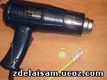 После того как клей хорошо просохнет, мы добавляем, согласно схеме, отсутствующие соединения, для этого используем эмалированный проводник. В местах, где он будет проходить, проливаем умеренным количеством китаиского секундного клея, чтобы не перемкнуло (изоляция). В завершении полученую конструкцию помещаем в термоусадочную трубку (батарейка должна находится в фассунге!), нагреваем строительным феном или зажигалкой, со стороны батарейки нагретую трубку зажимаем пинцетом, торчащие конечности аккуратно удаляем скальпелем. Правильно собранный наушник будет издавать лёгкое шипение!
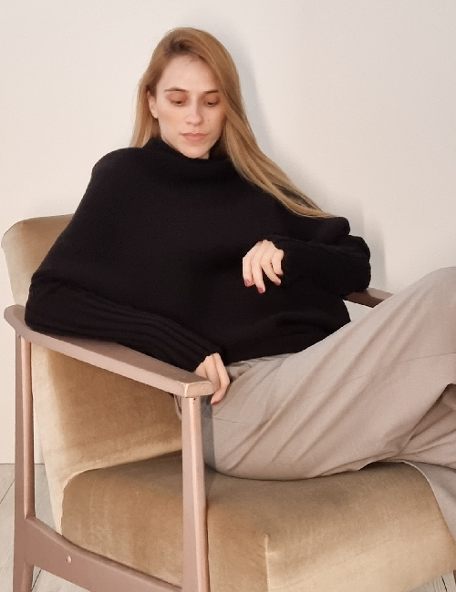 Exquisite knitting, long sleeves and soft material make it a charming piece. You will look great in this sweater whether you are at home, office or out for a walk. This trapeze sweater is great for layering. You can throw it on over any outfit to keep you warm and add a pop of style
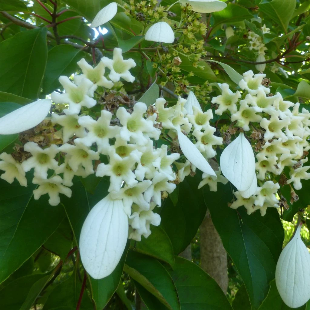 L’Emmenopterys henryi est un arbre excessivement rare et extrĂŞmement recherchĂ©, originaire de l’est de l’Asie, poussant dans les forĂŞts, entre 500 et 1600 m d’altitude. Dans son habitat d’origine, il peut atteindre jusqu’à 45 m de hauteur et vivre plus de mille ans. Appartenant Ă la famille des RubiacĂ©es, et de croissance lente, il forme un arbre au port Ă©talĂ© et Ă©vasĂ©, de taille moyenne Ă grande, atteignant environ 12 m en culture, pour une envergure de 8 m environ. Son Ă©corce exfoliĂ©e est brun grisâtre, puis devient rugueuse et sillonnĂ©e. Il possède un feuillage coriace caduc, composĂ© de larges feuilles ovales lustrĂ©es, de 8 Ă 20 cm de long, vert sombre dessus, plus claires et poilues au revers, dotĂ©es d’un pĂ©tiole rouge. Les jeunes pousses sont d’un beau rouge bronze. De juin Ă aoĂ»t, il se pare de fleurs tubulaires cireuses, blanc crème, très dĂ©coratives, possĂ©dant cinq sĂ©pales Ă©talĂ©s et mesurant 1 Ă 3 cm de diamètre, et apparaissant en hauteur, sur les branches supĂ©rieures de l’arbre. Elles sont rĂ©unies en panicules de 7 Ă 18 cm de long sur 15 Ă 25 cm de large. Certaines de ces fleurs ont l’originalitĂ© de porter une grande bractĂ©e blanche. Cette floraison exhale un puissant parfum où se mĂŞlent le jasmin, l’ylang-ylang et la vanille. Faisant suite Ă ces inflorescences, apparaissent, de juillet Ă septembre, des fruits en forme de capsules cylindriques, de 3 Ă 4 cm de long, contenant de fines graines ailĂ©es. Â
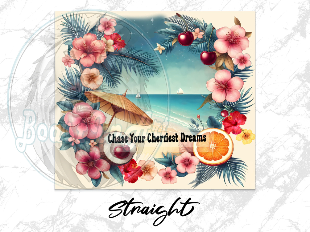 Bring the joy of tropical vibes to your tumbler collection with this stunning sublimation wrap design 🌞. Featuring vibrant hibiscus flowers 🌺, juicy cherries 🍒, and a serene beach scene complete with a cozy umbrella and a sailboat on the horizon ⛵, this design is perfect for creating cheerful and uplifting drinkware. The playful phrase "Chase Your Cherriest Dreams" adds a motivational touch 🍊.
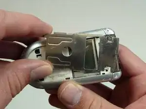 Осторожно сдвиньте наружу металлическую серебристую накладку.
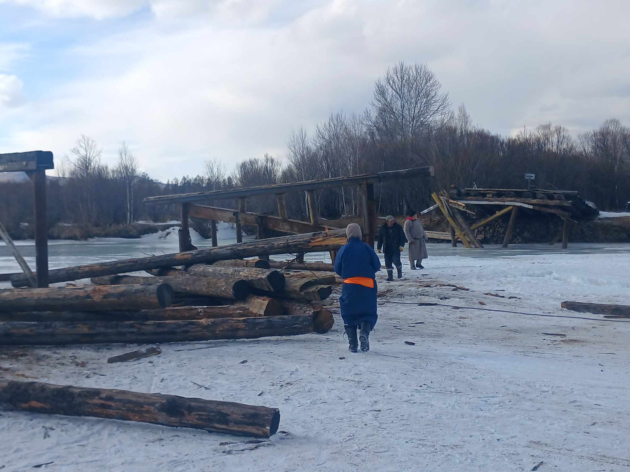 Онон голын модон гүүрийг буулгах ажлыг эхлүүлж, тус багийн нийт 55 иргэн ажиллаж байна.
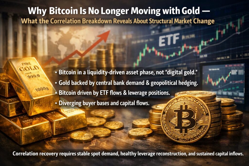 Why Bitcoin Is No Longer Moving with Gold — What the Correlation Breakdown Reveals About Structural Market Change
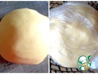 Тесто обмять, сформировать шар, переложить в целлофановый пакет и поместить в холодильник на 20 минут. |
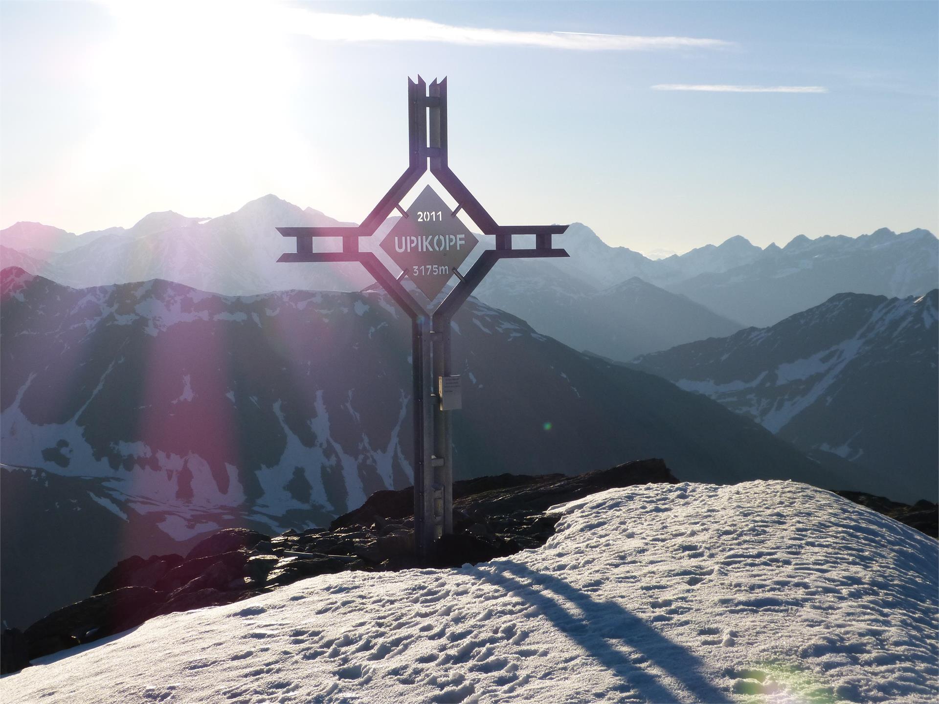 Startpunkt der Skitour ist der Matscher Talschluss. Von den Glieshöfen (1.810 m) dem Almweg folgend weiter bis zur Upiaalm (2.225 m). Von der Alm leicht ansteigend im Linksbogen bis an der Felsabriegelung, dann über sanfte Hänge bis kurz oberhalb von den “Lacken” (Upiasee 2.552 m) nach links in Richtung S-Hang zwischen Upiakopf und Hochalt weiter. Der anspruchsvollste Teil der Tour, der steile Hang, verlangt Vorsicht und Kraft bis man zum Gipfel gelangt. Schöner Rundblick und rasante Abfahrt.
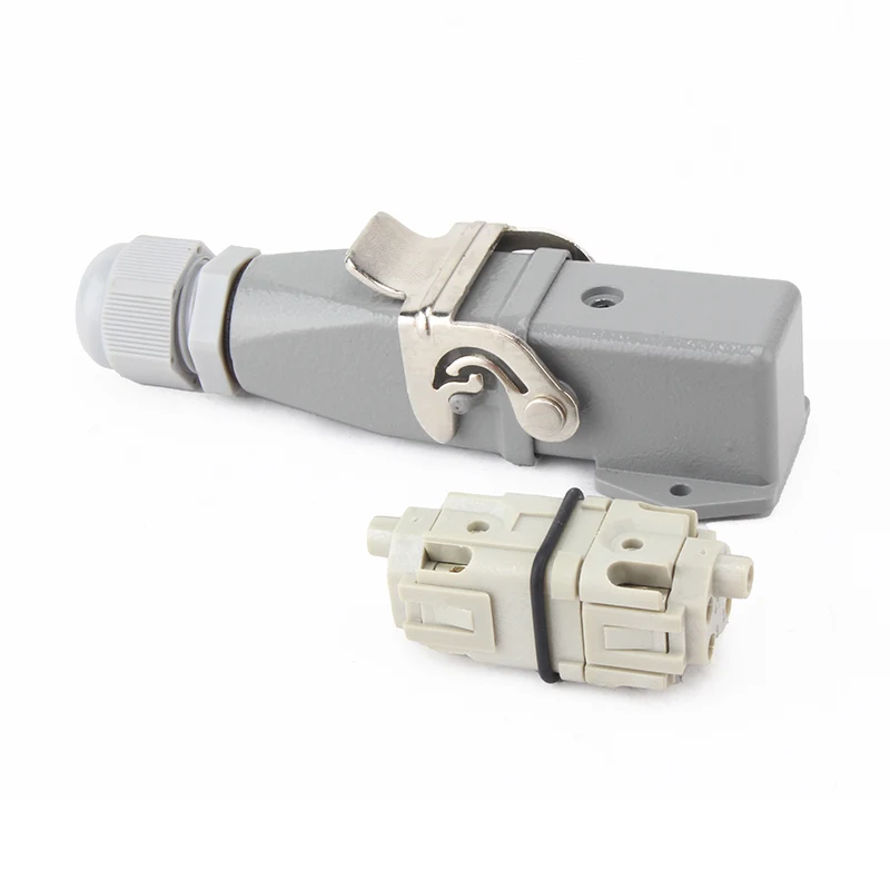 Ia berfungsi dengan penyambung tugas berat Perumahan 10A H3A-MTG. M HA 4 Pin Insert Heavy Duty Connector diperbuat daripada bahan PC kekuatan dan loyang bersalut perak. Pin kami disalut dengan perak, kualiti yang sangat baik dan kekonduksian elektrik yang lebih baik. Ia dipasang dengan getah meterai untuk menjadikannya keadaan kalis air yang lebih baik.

* * * *

Find the line with "Bring the joy" in the entries above. Set down exactly every line from it up to and including the line with "Тесто обмять, сформировать", images excluded.

▶ Answer to this problem:
 Bring the joy of tropical vibes to your tumbler collection with this stunning sublimation wrap design 🌞. Featuring vibrant hibiscus flowers 🌺, juicy cherries 🍒, and a serene beach scene complete with a cozy umbrella and a sailboat on the horizon ⛵, this design is perfect for creating cheerful and uplifting drinkware. The playful phrase "Chase Your Cherriest Dreams" adds a motivational touch 🍊.
 Осторожно сдвиньте наружу металлическую серебристую накладку.
 Онон голын модон гүүрийг буулгах ажлыг эхлүүлж, тус багийн нийт 55 иргэн ажиллаж байна.
 Why Bitcoin Is No Longer Moving with Gold — What the Correlation Breakdown Reveals About Structural Market Change
 Тесто обмять, сформировать шар, переложить в целлофановый пакет и поместить в холодильник на 20 минут. |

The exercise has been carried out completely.